ReplyDeleteInteresting that the Lapinduce gives Economous a calibrator, the tool of the profession he is less than satisfied with as he's trying to become more of a fabulist. I had to chuckle at the calibrator's marks being in base five and ten. As someone who teaches math to high school student, I often have to explain to international immigrant students that the US uses both metric and English measurements. They usually say the English system is illogical, and I couldn't agree more! So I find it fascinating that a society might have done precisely the opposite, and abandoned a 'logical' metric system for a more 'primitive' (our English) measuring system.
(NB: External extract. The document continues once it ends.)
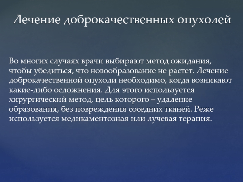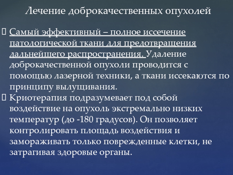 Слайд 40Лечение доброкачественных опухолей

I'll second the earlier comment that "would-be fabulist" might be used a bit more sparingly (especially at the end of this section where it appears a few times in quick succession.)
Something you captured really well is how the passage of time, even just in this one day, flows differently for a human and a monster. You gave us plenty of details about the sun, shadows, and stars to know that a whole day was passing. The Lapinduce spent what was to Economous an uncomfortably long stretch of time evaluating his spedigraph, but it might've felt like no time at all to an eternal monster.